I see no reason to reinvent the wheel compared to other countries that have implemented a patent box regime, and it is too early in the process do begin optimizing tax rates, which can be relatively easily changed in the future should the program prove to be successful. A simple median of preferential rates as implemented in other jurisdictions is a reasonable starting point.
The actual number only matters if other policy levers are used to incentivize commercialization and retention of IP that can benefit in the first place.
The Action 5 Final Report identifies the IP assets that are in-scope of a nexus compliant approach. Should all these assets be eligible for a potential patent box regime in Canada? Are there differences in business practices with respect to different types of IP assets that should lead the Department of Finance to expect that commercialization and IP location decisions for each asset would respond differently to a patent box regime?

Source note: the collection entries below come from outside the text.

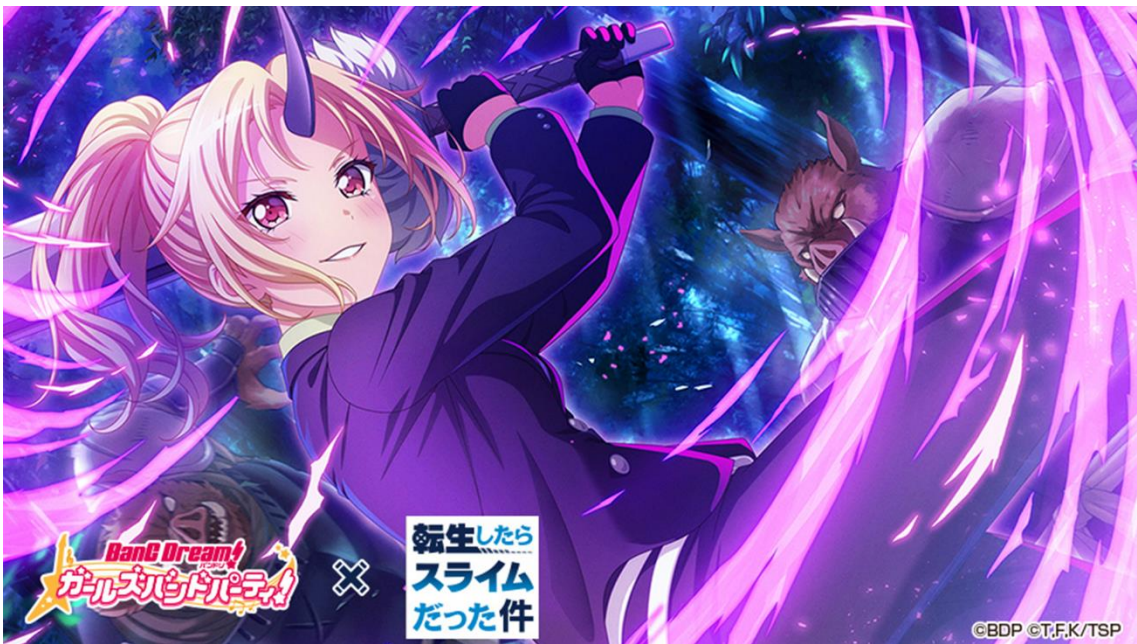
★3 桐ヶ谷透子 (特訓後)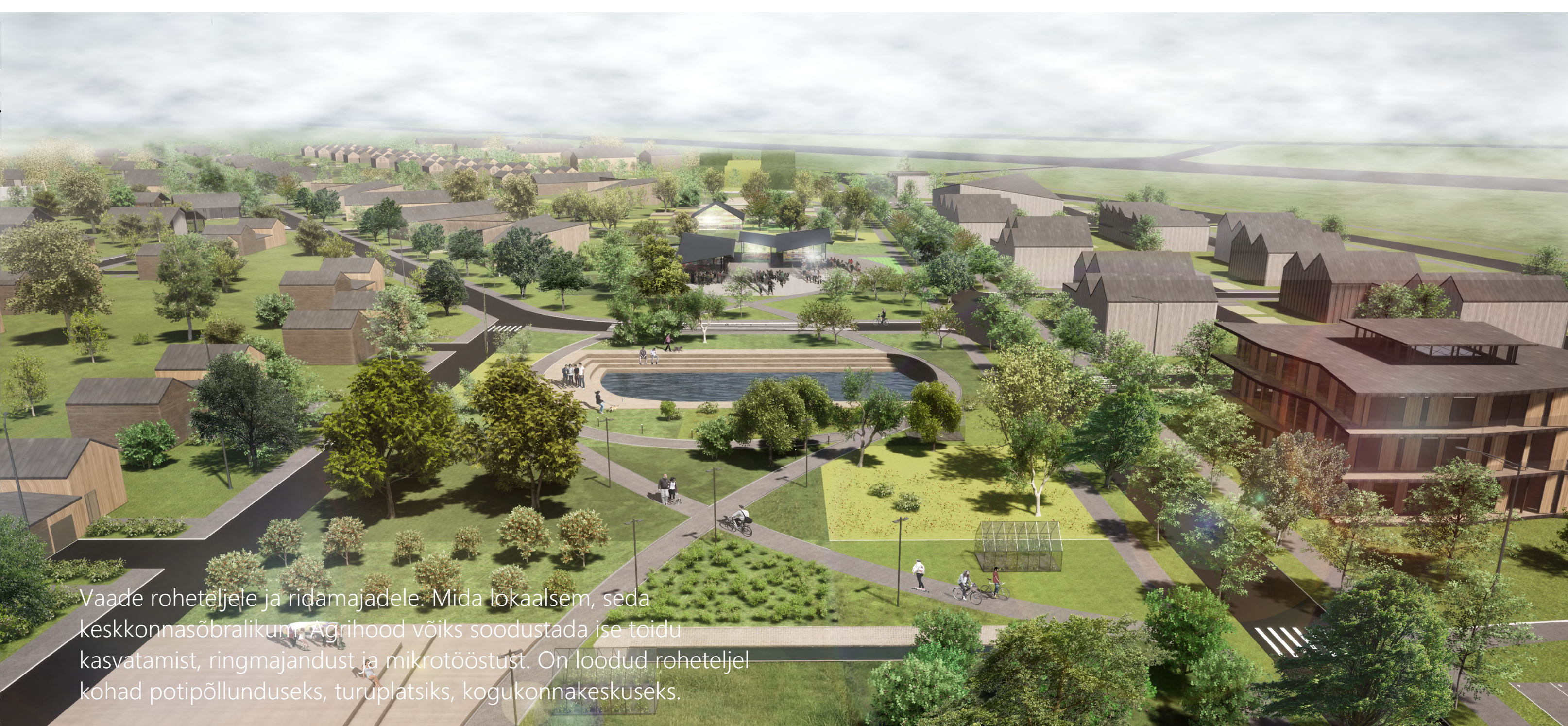
Vaade roheteljele ja ridamajadele. Mida lokaalsem, seda keskkonnasõbralikum, Agrihood võiks soodustada ise toidu kasvatamist, ringmajandust ja mikrotootlust. On loodud roheteljel kohad potipõllunduseks, turuplatsiks, kogukonnakeskuseks.

Keskkonnasõbralik linn on kompaktne ja hästi seotud ühistranspordi ja kergliiklusteede võrgustikuga. Oleme Agrihoodi struktuuri loomisel arvestanud, et see oleks sidus muu linnamustriga.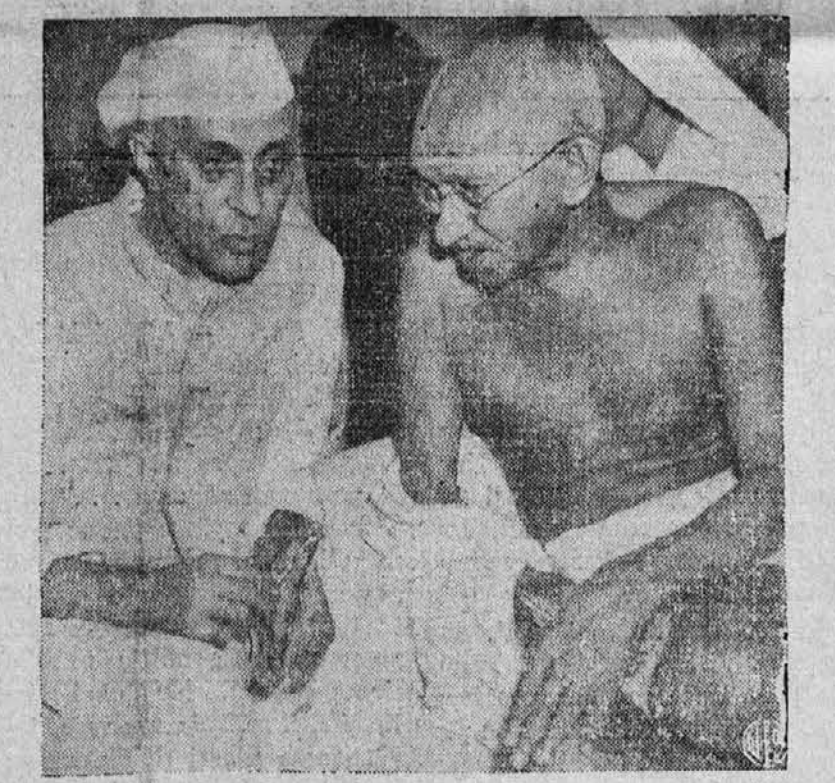
Indijska voditeljja. — Skoro gotovo, da sta moža, ki ju kaže gornja slika najpomembnejša v vsem indijskem kongresu. Levi na sliki je Rashtrapati Jawaharlal Nehru, novoizvoljeni predsednik indijskega kongresa in poleg njega pa je indijski politični prvak Mohandas K. Ghandi.

The definitions should be expanded to include proprietary data since establishment of that definition predates the rapid accelerate of AI and ML technologies seen in the past few years. High-quality, curated data for AI and ML development is today at least as important as patents and the algorithms built using that data, and development and management of these datasets is costly and time-intensive. Income derived from licensing or otherwise making available training datasets, beyond just the models trained on them, should be included as an eligible expense in the patent box regime.
If Canada were to implement a patent box regime, compliance with the nexus approach would require businesses to report detailed information around expenditures incurred in the development of eligible IP, similar to requirements in place under regimes in other jurisdictions that are compliant with the nexus approach. Drawing on experience with nexus-compliant regimes in other jurisdictions, please share any comments on challenges and best practices in this regard.

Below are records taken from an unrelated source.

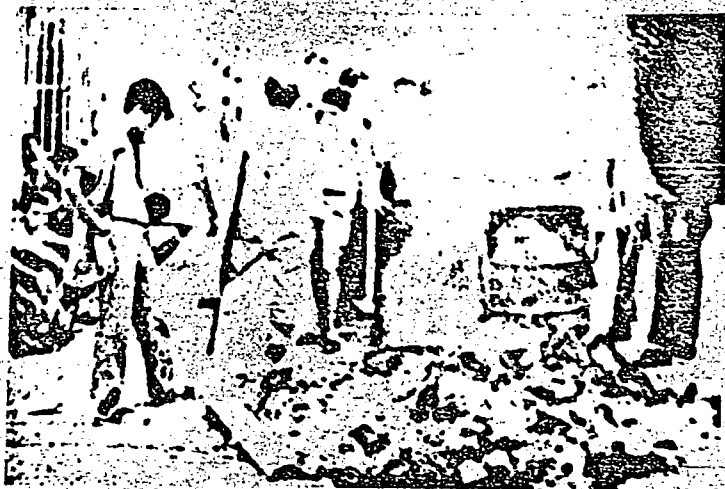
Encontram-se nas mais ínfimas condições. (nota-se o lixo chão, e a falta de assistência médica).

O Povo, de fato, apoiou Castro em seu programa.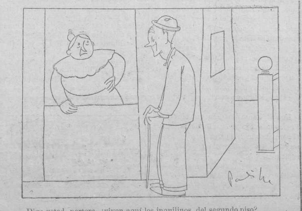
—Diga usted, portera, ¿viven aquí los inquilinos del segundo piso?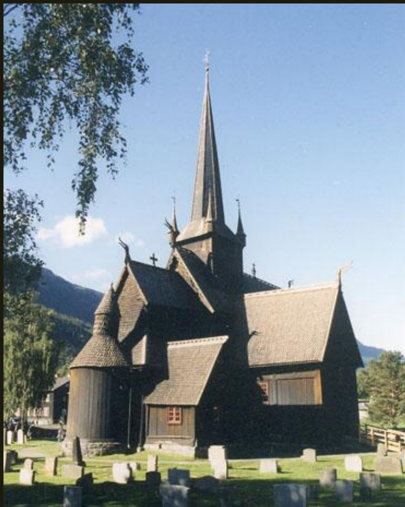
Церковь из с. Лом. XII–XIII вв.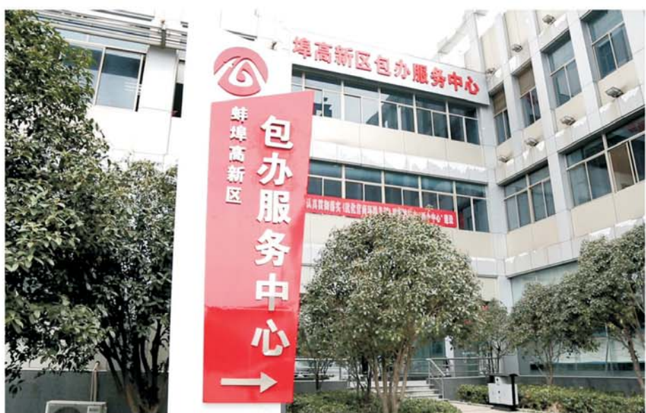
高新区包办服务中心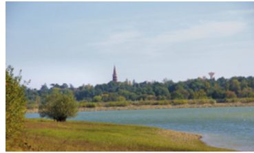
47 - Sainte-Foy rejoint le canton de Cazères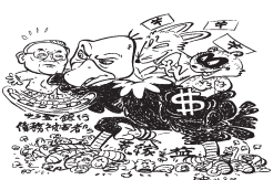
「悪い、金利を下げるなよ」—サラ金の土曜金利で夜か 白川たかし

厚生年金保険料九月分からまた値上げ サラリーマンが加入する厚生年金の保険料が、九月分から引き上げられます。二〇〇四年に自民・公明両党が強行した年金改悪によるものです。引き上げは、十月給与と天引き分から実施されます。(労働者本人の保険料率七・三二一% 給与+賞与で、平均年収五七〇万円 で約一万円負担増)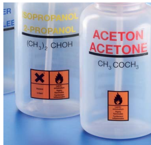
Aufdruck Inhaltstoffe und Gefahrgut

Data collections is a critical element for evidence-based policy development that is currently missing. As previously noted in my SR&ED recommendations, any company benefitting from taxpayer-funded subsidies should be contractually required to report on use of IP for a period of no less than 10 years, and that requirement should be contractually inherited by any acquirer, assignee, or licensee of that IP. Failure to pass on this requirements should trigger repayment of the benefit.

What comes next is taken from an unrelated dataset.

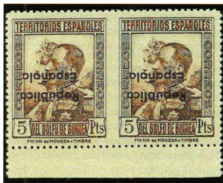
Pareja horizontal sin dentar entre los sellos. Sobrecarga invertida. Parejas horizontales de 4 y 5 Ptas. de la parte inferior del pliego. Solo existen cinco parejas con esta variedad y la numeración al dorso A.000.095 y A.000.200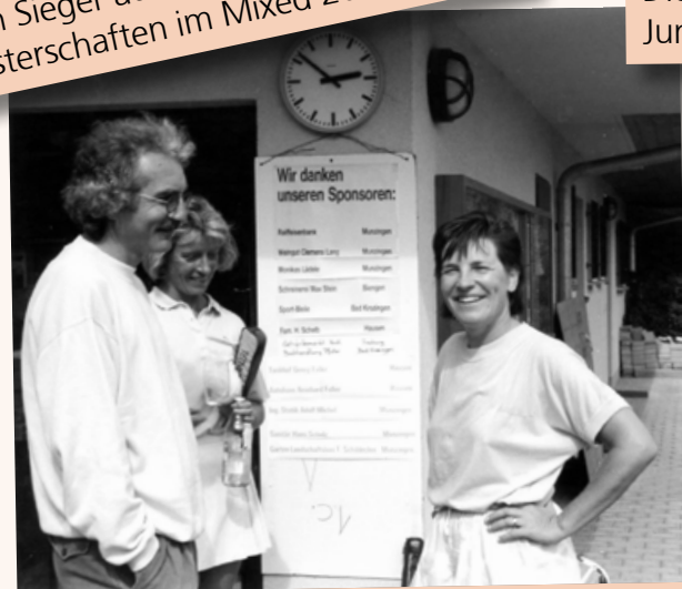
Ein kleiner Plausch nach dem Match

The value provided to these companies through subsidies such as SR&ED and the patent box regime contemplated more than justify collection of the required data. A significant portion of the data on the actual development process is already collected in the process of administering SR&ED, what is missing is the long-term tracking of downstream use and flow of the resulting IP in order to assess the impact and value of these policy levers.
Design of the data collection framework, including which metrics to track, should be the subject of a separate consultation call on the subject involving all relevant stakeholders.
Are there design features of a patent box regime that the Department of Finance should consider specifically to limit new fiscal costs to the government?
Given how little income net Canadian firms receive from patents currently, I do not anticipate that giving preferential tax treatment to these assets will significantly impact tax revenues. Additionally, if my recommendations on SR&ED reform are implemented, the relevant data collection could easily be a rider to the SR&ED program, without adding any additional overhead. With savings of $1B already identified in the SR&ED overhaul, there is no apolitical reason that this could not occur as part of that effort while maintaining overall cost-neutrality.